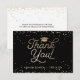 Diese elegante und festliche Dankeschön-Karte enthält Gold (simulierte Folie) Konfetti mit den Worten "Danke", die in einem goldenen Skript-Schriftart gezeigt werden. Der Hintergrund ist schwarz, kann aber in eine beliebige Farbe geändert werden. Auf der Rückseite der Karte befindet sich ein Nachrichtenbereich sowie ein Leerraum, in dem der Absolvent seinen Namen unterschreiben kann, sowie eine zusätzliche handgeschriebene Notiz. Eine schöne und einfache Art, den Gästen zu danken.
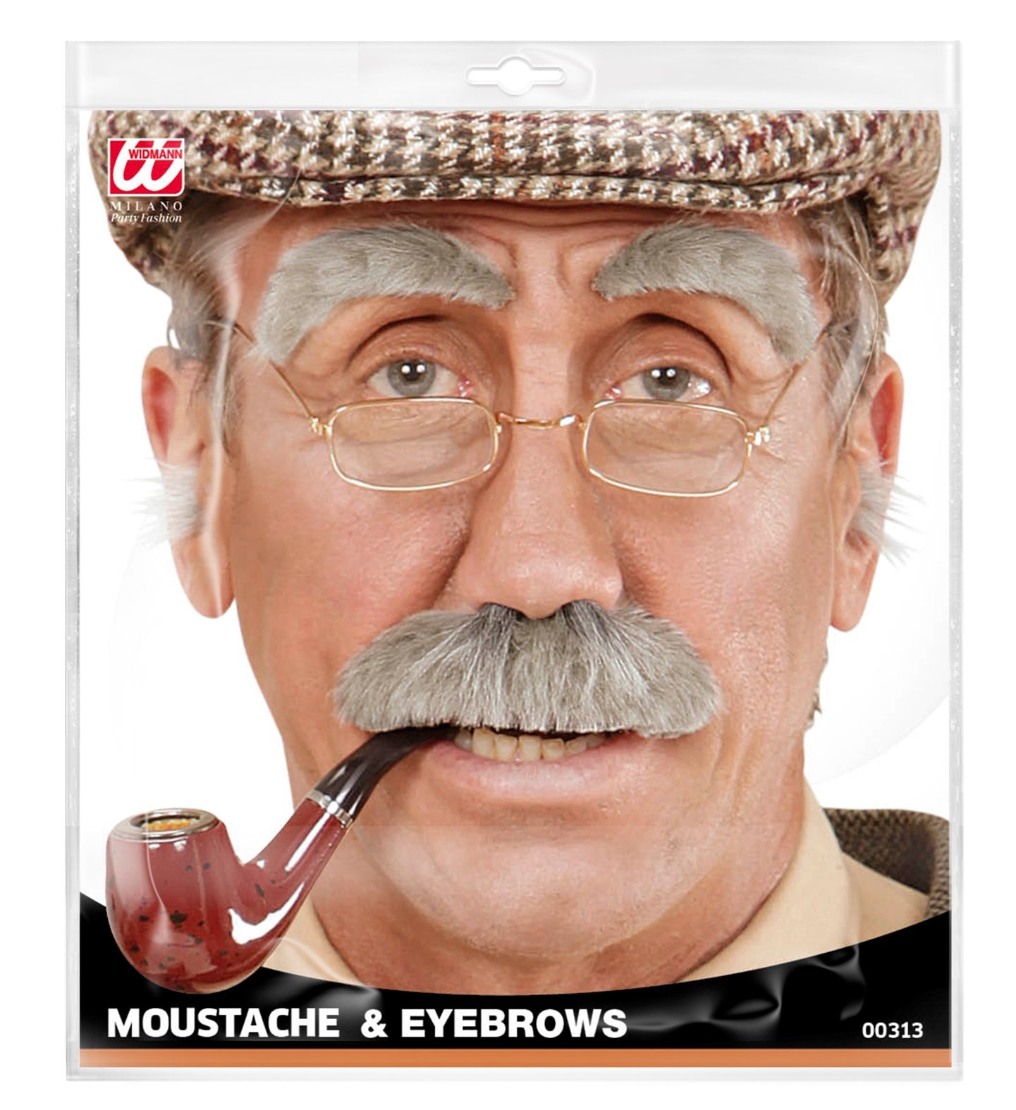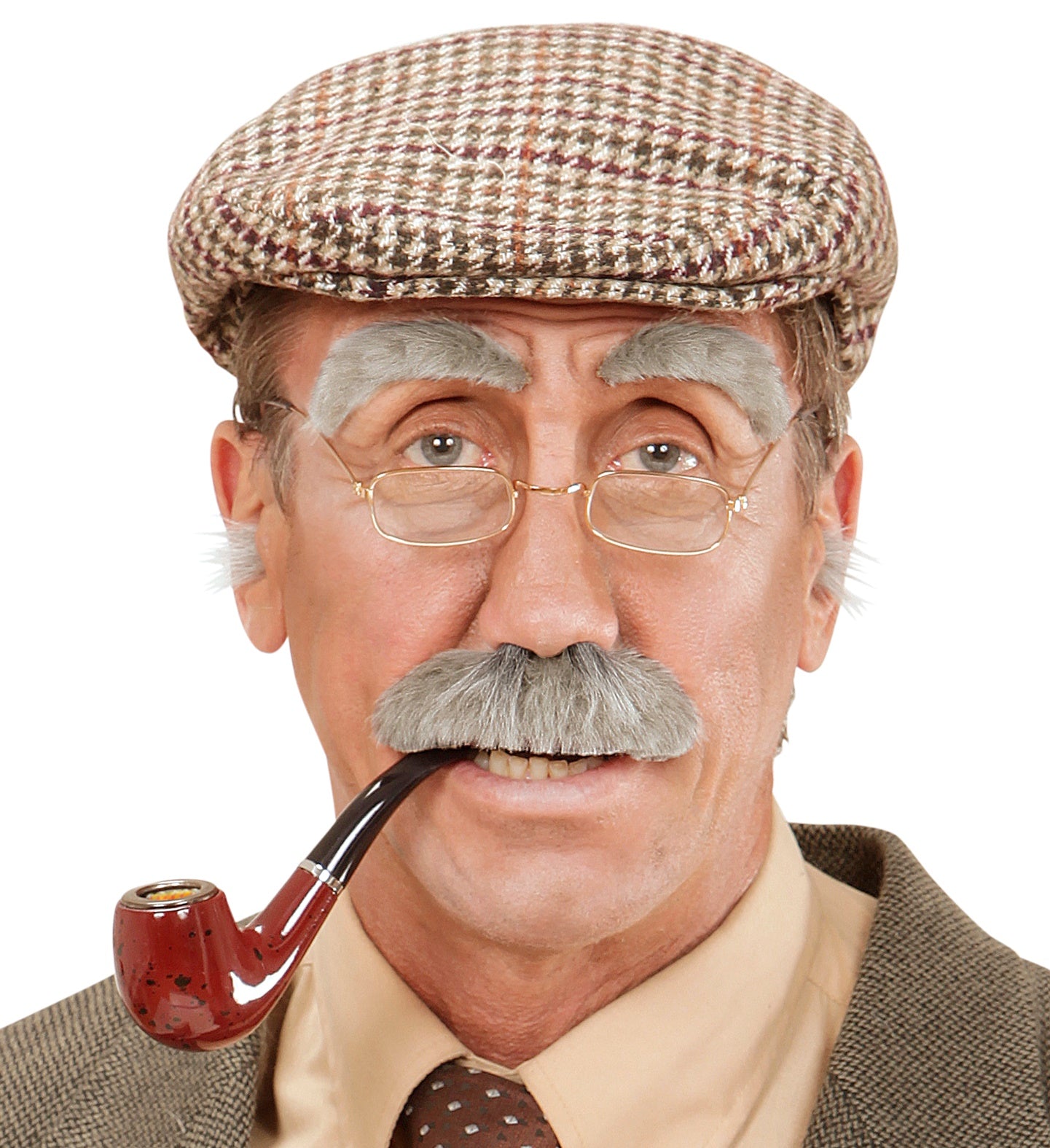 Fake mustache and eyebrows gray
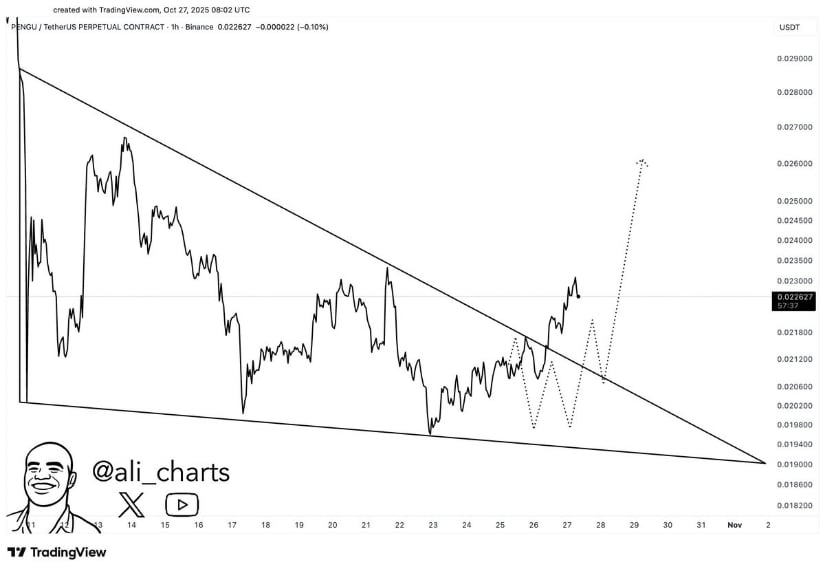 PENGU确认突破下降楔形,若量能持续有望实现20-25%涨幅至0.026美元。来源:Ali Martinez via X
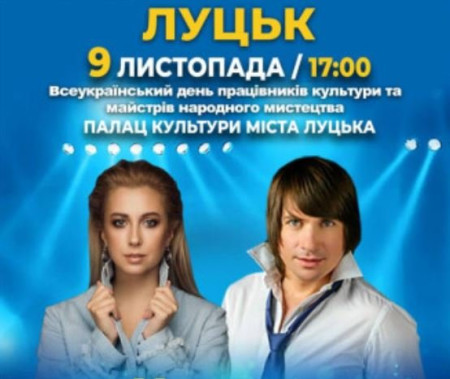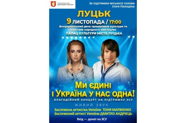 9 листопада, у Всеукраїнський день працівників культури та майстрів народного мистецтва, у Палаці культури міста Луцька відбудеться благодійний концерт «Ми єдині і Україна у нас одна!» за участю заслужених артистів України Антоніни Матвієнко та Дмитра Андрійця.
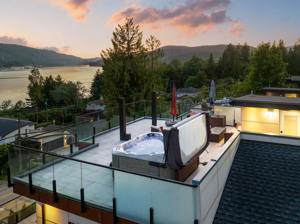 This exceptional south-facing residence has been extensively upgraded with premium finishes and sophisticated design, elevating it well beyond the original build. Ideally located on prestigious IOCO Road, it showcases unobstructed views of Burrard Inlet from every level, perfectly framed by sunsets and coastal scenery. A heated driveway leads to your private double garage for year-round comfort. Entertain on the expansive rooftop deck featuring an 8-person jetted spa with panoramic water views. Inside, the chef-inspired kitchen boasts MIELE appliances, while a modern two-way fireplace creates separation & ambiance between the living and dining areas. A well-appointed two-bedroom legal suite & separate guest suite on the lower level offer both flexibility & rental income. Open House Sat 3-5
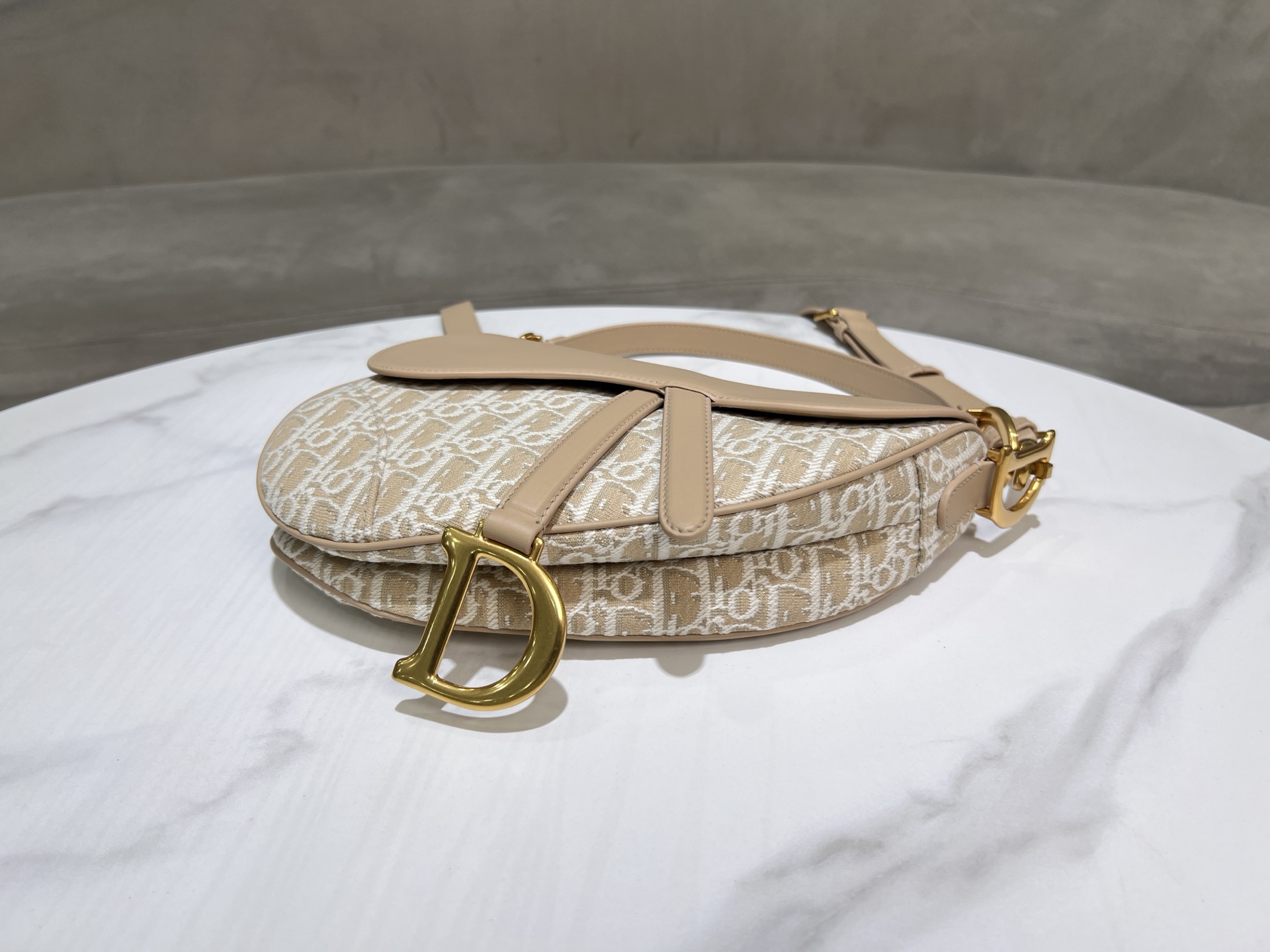 Material: Beige Oblique Jacquard + antique gold-tone hardware (vintage luxe)
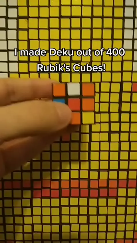 Deku made from 400 Rubik's Cubes. #rubikscubesolver #pixelart #mosaic #ItsOurHome #rubiksdude #rubikscube #artist #art #weeb #manga #deku #mha
—————
Copy exactly what appears in the entries, beginning with the first line and ending with the line that has "Material: Beige Oblique", but not the pictures.

 Diese elegante und festliche Dankeschön-Karte enthält Gold (simulierte Folie) Konfetti mit den Worten "Danke", die in einem goldenen Skript-Schriftart gezeigt werden. Der Hintergrund ist schwarz, kann aber in eine beliebige Farbe geändert werden. Auf der Rückseite der Karte befindet sich ein Nachrichtenbereich sowie ein Leerraum, in dem der Absolvent seinen Namen unterschreiben kann, sowie eine zusätzliche handgeschriebene Notiz. Eine schöne und einfache Art, den Gästen zu danken.
 Fake mustache and eyebrows gray
 PENGU确认突破下降楔形,若量能持续有望实现20-25%涨幅至0.026美元。来源:Ali Martinez via X
 9 листопада, у Всеукраїнський день працівників культури та майстрів народного мистецтва, у Палаці культури міста Луцька відбудеться благодійний концерт «Ми єдині і Україна у нас одна!» за участю заслужених артистів України Антоніни Матвієнко та Дмитра Андрійця.
 This exceptional south-facing residence has been extensively upgraded with premium finishes and sophisticated design, elevating it well beyond the original build. Ideally located on prestigious IOCO Road, it showcases unobstructed views of Burrard Inlet from every level, perfectly framed by sunsets and coastal scenery. A heated driveway leads to your private double garage for year-round comfort. Entertain on the expansive rooftop deck featuring an 8-person jetted spa with panoramic water views. Inside, the chef-inspired kitchen boasts MIELE appliances, while a modern two-way fireplace creates separation & ambiance between the living and dining areas. A well-appointed two-bedroom legal suite & separate guest suite on the lower level offer both flexibility & rental income. Open House Sat 3-5
 Material: Beige Oblique Jacquard + antique gold-tone hardware (vintage luxe)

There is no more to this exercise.